EASST/4S 2020 Prague: 18 – 21 August 2020
Speakers: Claudia Aradau and Sarah Perret - Making up Data
European borders have become intense sites of digital data extraction. This data comes in many different forms, it is dispersed across different spaces and times. In this paper, we propose an analysis of ‘making up data’, building on Ian Hacking’s analysis of ‘making up people’. To this purpose, we develop a conceptual distinction between digital ‘traces’ and ‘inscriptions.’ While digital traces are increasingly extracted from the bodies of migrants through fingerprinting, screening, facial recognition, or interviews, these disperse traces need to be combined and recombined to produce border inscriptions. In advancing an understanding of how data is made for the purposes of border governance, the paper proposes to contribute to a dialogue between critical security studies, border studies, and science and technology studies. Empirically, we analyse the ‘practical tools’ and software that the European Asylum Support Office (EASO) has developed in the implementation of the Dublin III Regulation and the Common European Asylum System, as well as through additional interviews with EASO staff.
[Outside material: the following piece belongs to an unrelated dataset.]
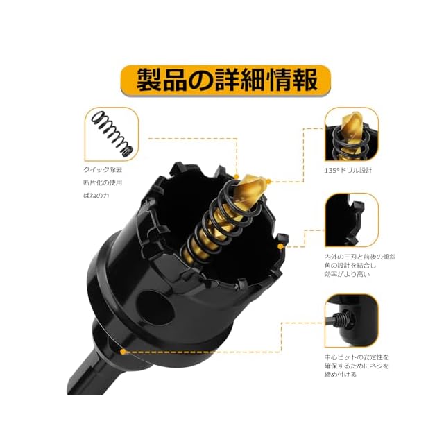 【用途】電動ドリル、ボール盤に使用可能。センタードリル・六角レンチ付き(センタードリルはシンニング加工によりポンチングが不要です。)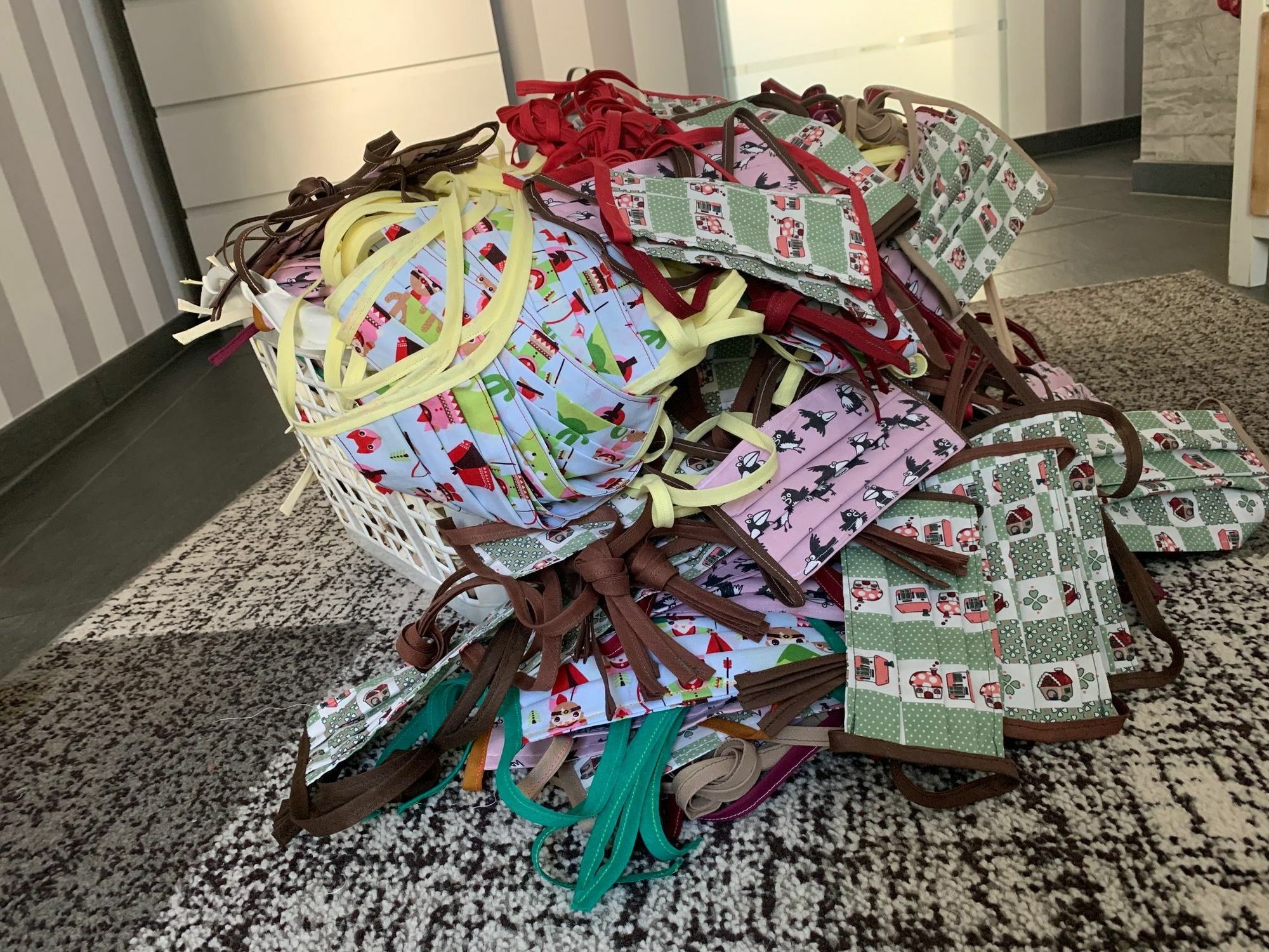 »Wir haben«, so Andreas Mertens, Vorsitzender der KG, »aus gegebenen Covid 19-Anlass eine Vereinsaktion gestartet und unsere Pappnase gegen die Nähmaschine getauscht.« Will heißen: 26 fleißige Näherinnen und Näher haben insgesamt über 700 Stoffmasken genäht und dabei 35 Meter Baumwollstoff und 1200 Meter Schrägband verarbeitet.

Firstly, while many scholars point to the shift towards datafication and digital traces in border governance, we shed light on the proliferation and dispersal of different forms of traces – biometrics, documents, population registers, stamps, interviews – in the production of border inscriptions. Secondly, we show how inscription devices enact (dis)connections and hierarchise traces according to an epistemology of credibility. Finally, border inscriptions enact migrants as insecure subjects who cannot refuse data extraction.